• _Records for the task_:
•••••
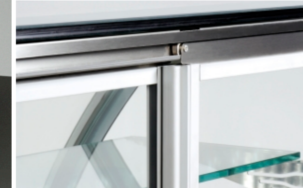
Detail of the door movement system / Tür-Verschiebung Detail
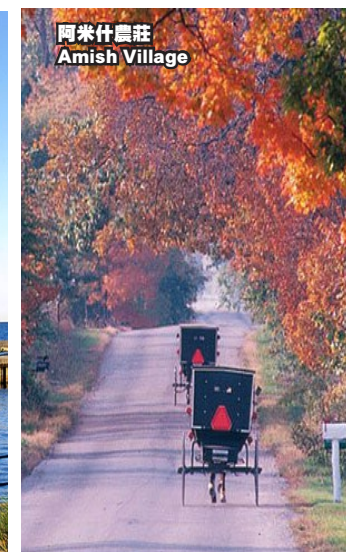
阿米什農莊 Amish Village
•••••
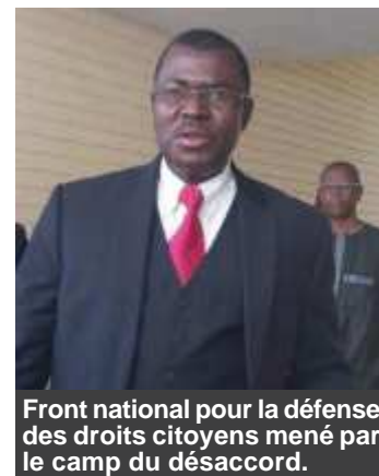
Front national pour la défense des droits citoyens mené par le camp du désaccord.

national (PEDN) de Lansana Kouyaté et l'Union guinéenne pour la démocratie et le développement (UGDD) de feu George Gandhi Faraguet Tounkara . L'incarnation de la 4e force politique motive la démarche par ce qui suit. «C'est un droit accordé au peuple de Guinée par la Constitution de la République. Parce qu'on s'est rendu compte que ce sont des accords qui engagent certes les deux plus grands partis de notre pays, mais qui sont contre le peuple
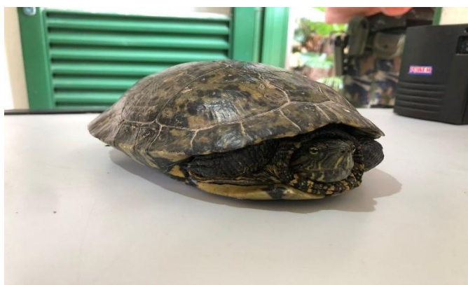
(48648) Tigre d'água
•••••
• _Exercise prompt_: Identify every line above that includes the word "pour", and show those lines.

• _Written answer_:
Front national pour la défense des droits citoyens mené par le camp du désaccord.
national (PEDN) de Lansana Kouyaté et l'Union guinéenne pour la démocratie et le développement (UGDD) de feu George Gandhi Faraguet Tounkara . L'incarnation de la 4e force politique motive la démarche par ce qui suit. «C'est un droit accordé au peuple de Guinée par la Constitution de la République. Parce qu'on s'est rendu compte que ce sont des accords qui engagent certes les deux plus grands partis de notre pays, mais qui sont contre le peuple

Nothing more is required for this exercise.